### What the exercise asks
Find the line with "Sada dvou stojanů" in the entries below, then output every line from it down to the line with "image: Derek Chu, left, McMaster", exactly and with no pictures.

───── Provided information

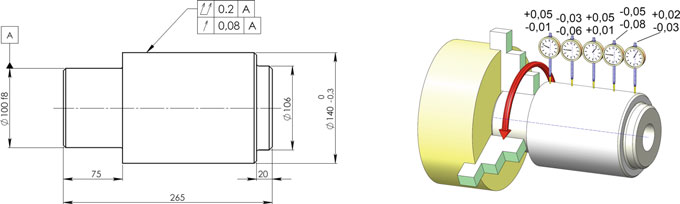Figure 11.12 shows a circular run-out control and a total run-out control through the total movement of a set of dial indicators on each round feature of the surface, while the workpiece rotates around the datum axis. The circular run-out error is obtained in the section with the largest variation (0.06 mm, less the assigned tolerance). The total run-out is the difference between the maximum reading (+0.05 mm) and theminimum reading (–0.08 mm) over the entire surface, that is, 0.13 mm, which is less than the run-out indicated in the design phase.
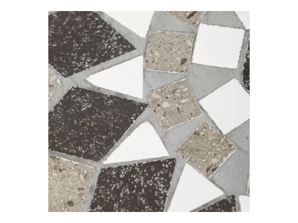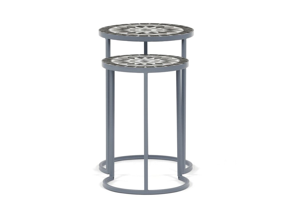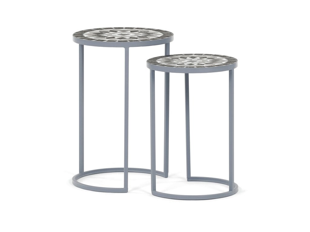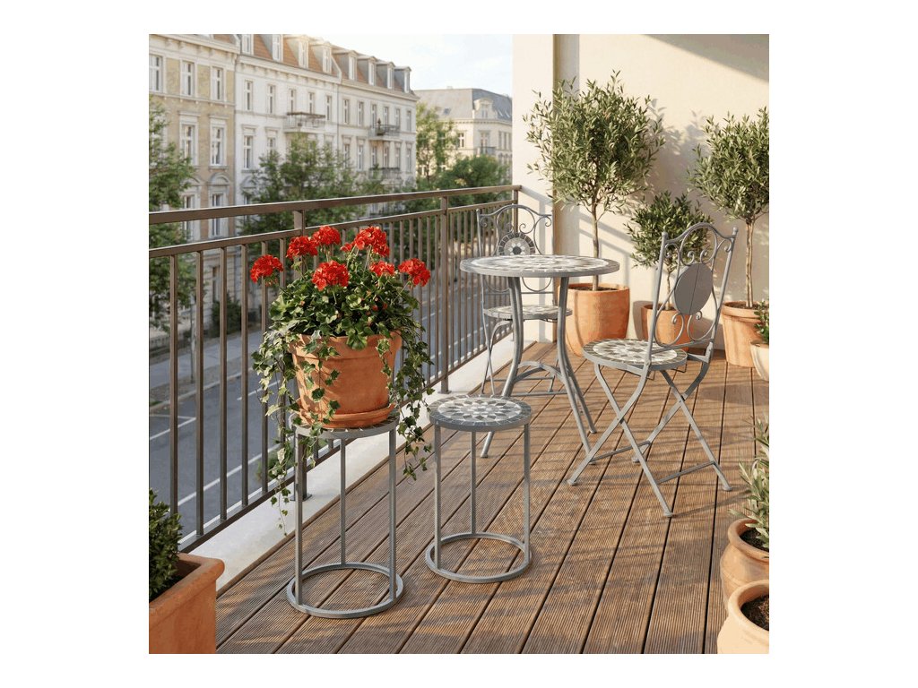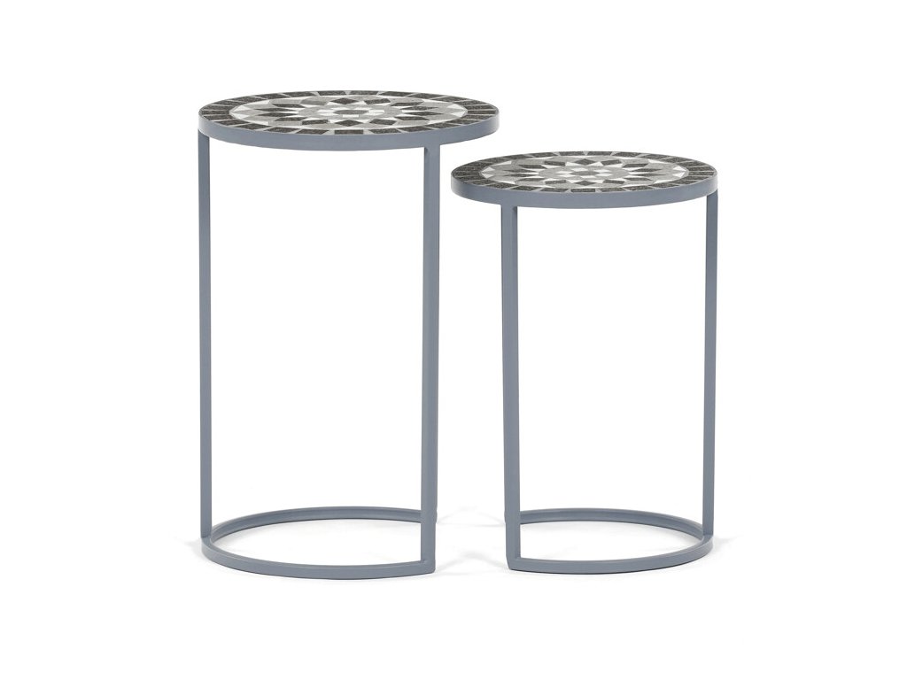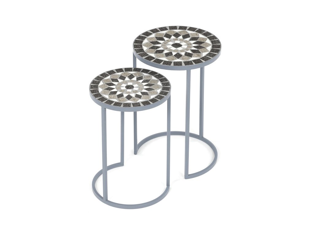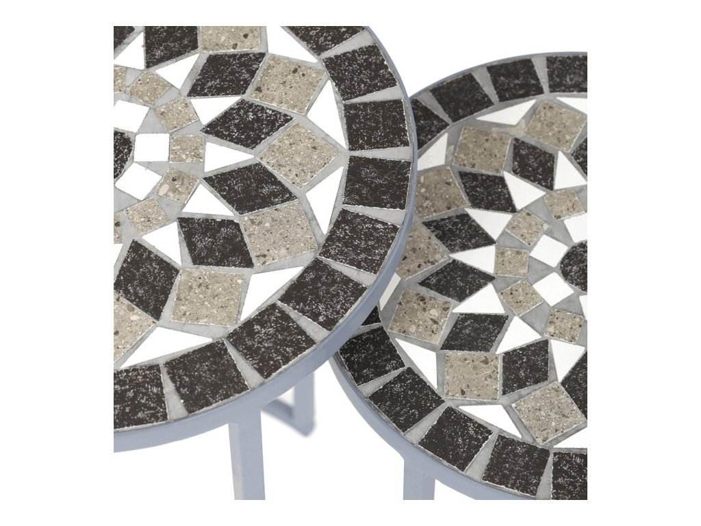 Sada dvou stojanů na květiny US1501 kombinuje pevnou kovovou konstrukci s dekorativní keramickou deskou s mozaikovým vzorem. Kulaté desky zdobí geometrický motiv v přírodních odstínech šedé a bílé, který dodává stojanům výrazný a elegantní vzhled.
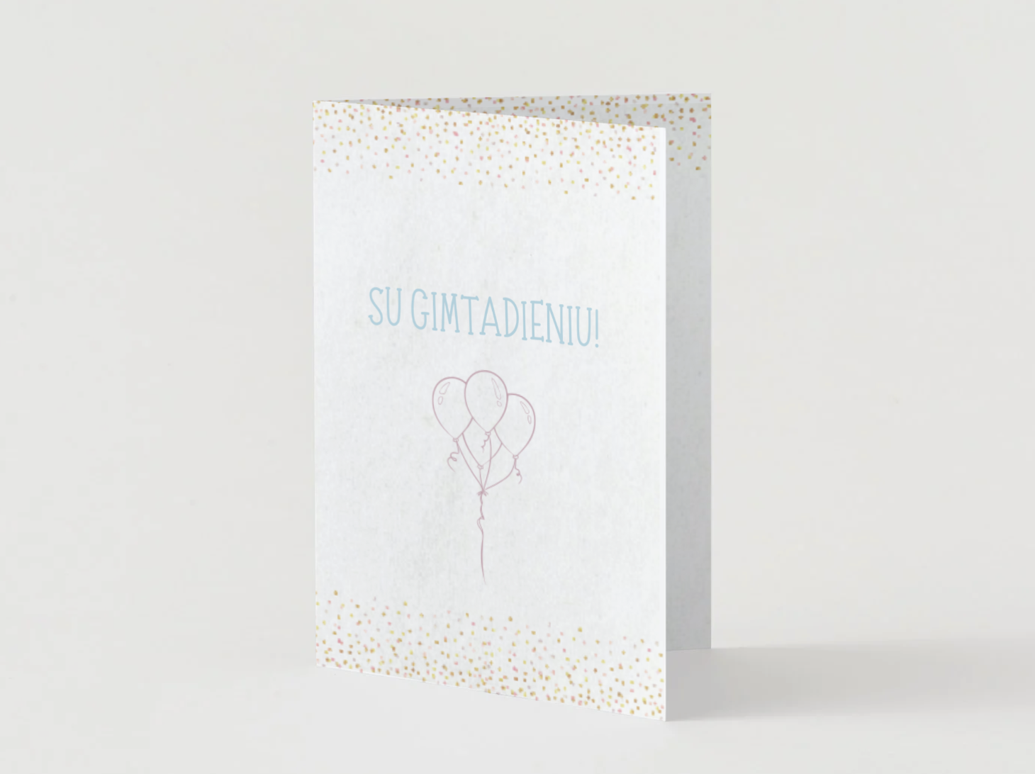 Priekinėje pusėje – užrašas „SU GIMTADIENIU!“, o viduje – nuoširdus palinkėjimas.
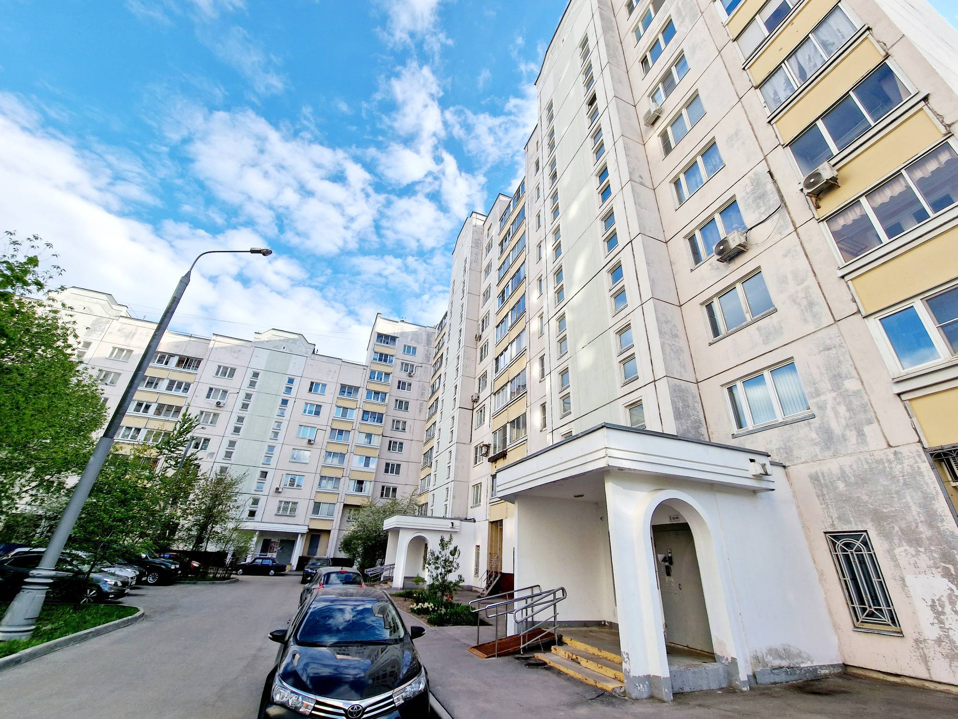 Чистый подъезд, два лифта - пассажирский и грузовой. Во дворе детская площадка,  множество парковочных мест. Основной плюс этого дома - он стоит во дворе, вдали от дорог и шума.
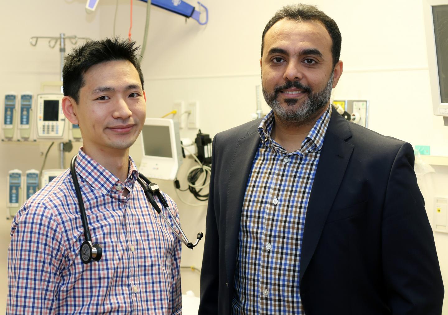 image: Derek Chu, left, McMaster University clinical fellow, and Waleed Alhazzani, assistant professor of medicine at McMaster, led a study published in The Lancet on oxygen use in adult patients. Photo courtesy McMaster University.
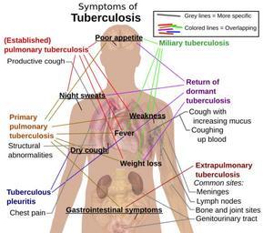 Keywords: Tuberculosis symptoms.svg en Main symptoms of different variants and stages of tuberculosis See Wikipedia Tuberculosis with many symptoms overlapping with other variants while others are more but not entirely specific for certain variants Multiple variants may be present simultaneously <P>To discuss image please see Template talk Human body diagrams <P>References http //www emedicinehealth com/tuberculosis/page3_em htm Tuberculosis Symptoms From eMedicineHealth Author George Schiffman MD FCCP Last Editorial Review 1/15/2009 Additional symptoms for primary/early pulmonary infection http //www wrongdiagnosis com/t/tuberculosis/symptoms htm wrongdiagnosis com --> Diseases » Tuberculosis » Symptoms Retrieved on June 1 2009 All used images are in public domain Mikael Häggström gallery of 2014 2009-06-01 Tuberculosis symptoms versions See also <gallery class nochecker > File Pulmonary tuberculosis symptoms svg Pulmonary tuberculosis symptoms File Extrapulmonary tuberculosis symptoms svg Extrapulmonary tuberculosis symptoms </gallery> Human body diagrams Tuberculosis SVG diagrams of the adult male human body by Mikael Häggström |
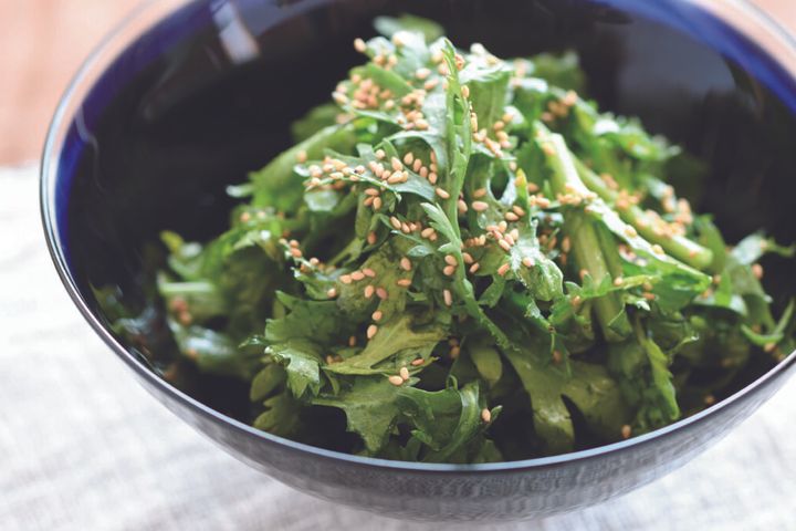 復活させた春菊1/2わはペーパータオルで水けを拭く。ボールに入れ、ごま油大さじ1と1/2、酢大さじ1/2、鶏ガラスープの素(顆粒)小さじ1/4を入れて、あえる。器に盛り、白いりごま適宜をふる。
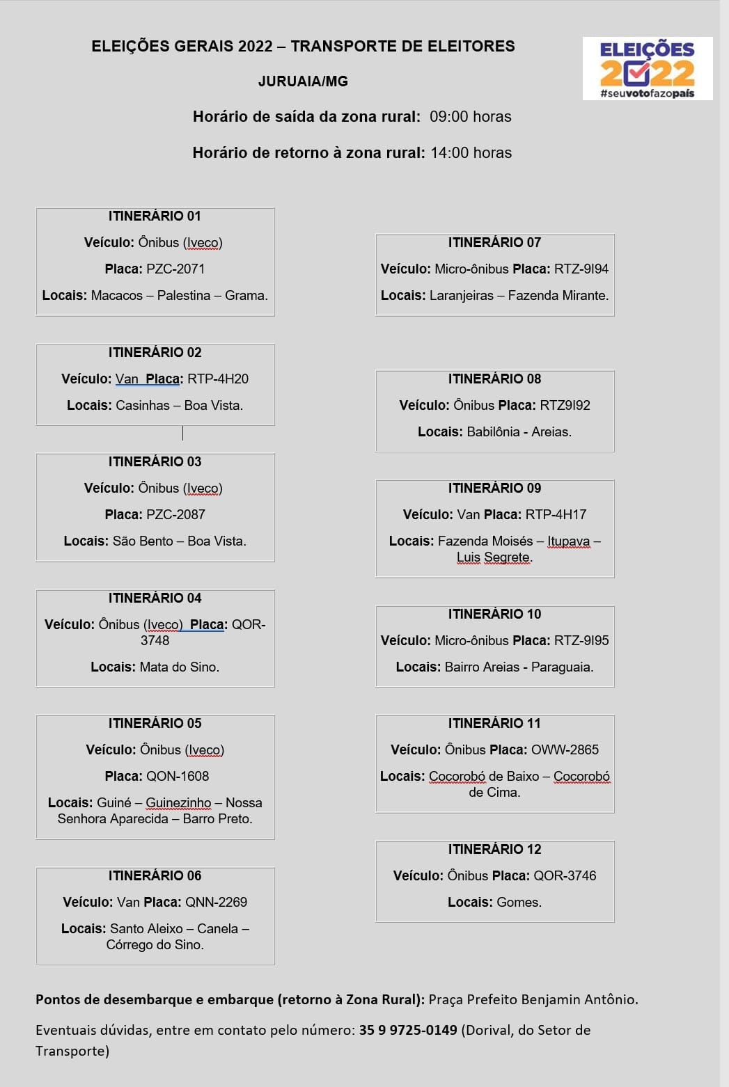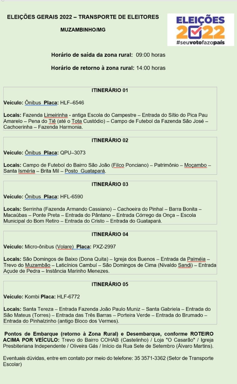 As informações são do Cartório Eleitoral de Muzambinho e Juruaia.
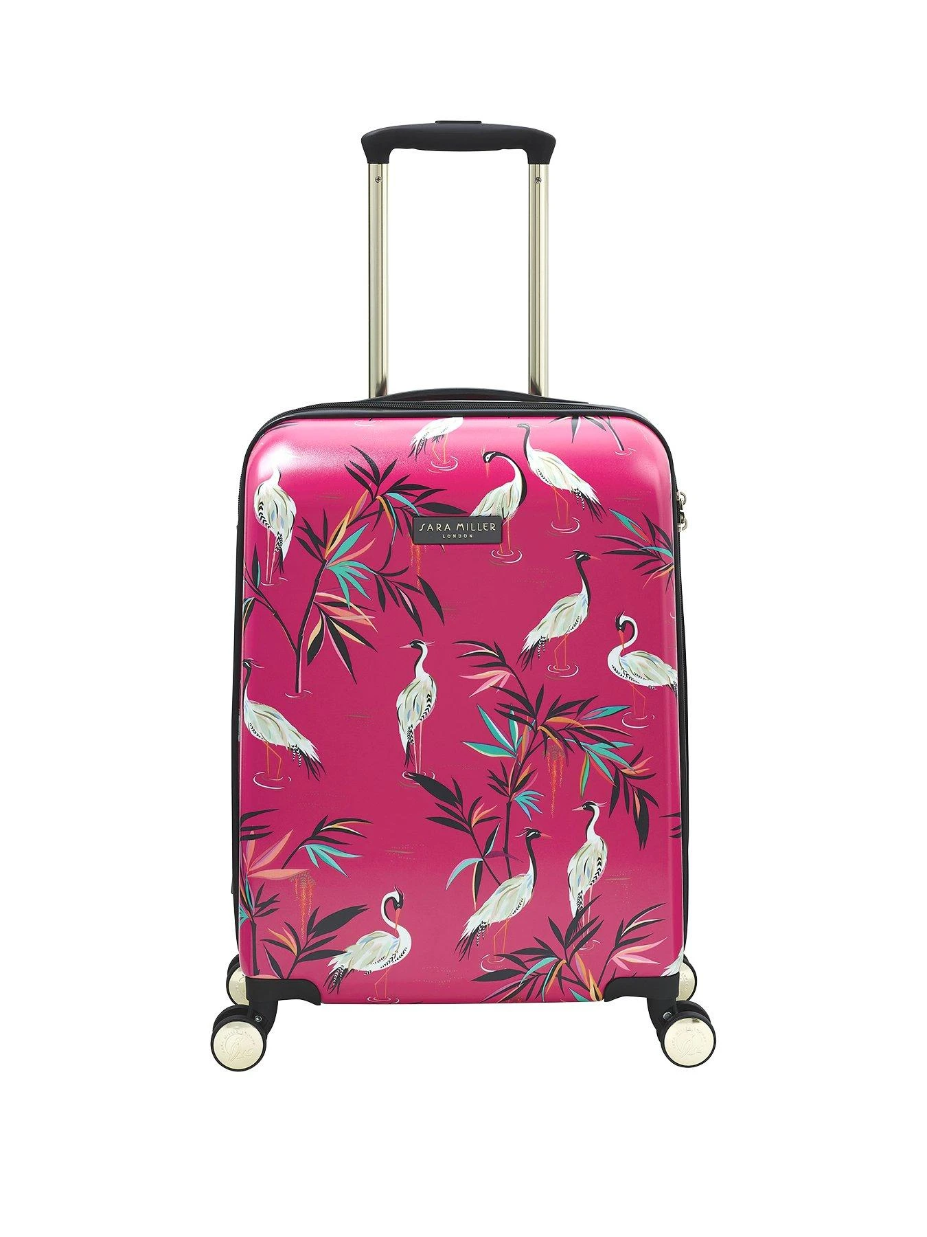 Sara Miller Small Pink Heron 4 Wheel Trolley Suitcase

──────────

### Answer to this exercise
 Sada dvou stojanů na květiny US1501 kombinuje pevnou kovovou konstrukci s dekorativní keramickou deskou s mozaikovým vzorem. Kulaté desky zdobí geometrický motiv v přírodních odstínech šedé a bílé, který dodává stojanům výrazný a elegantní vzhled.
 Priekinėje pusėje – užrašas „SU GIMTADIENIU!“, o viduje – nuoširdus palinkėjimas.
 Чистый подъезд, два лифта - пассажирский и грузовой. Во дворе детская площадка,  множество парковочных мест. Основной плюс этого дома - он стоит во дворе, вдали от дорог и шума.
 image: Derek Chu, left, McMaster University clinical fellow, and Waleed Alhazzani, assistant professor of medicine at McMaster, led a study published in The Lancet on oxygen use in adult patients. Photo courtesy McMaster University.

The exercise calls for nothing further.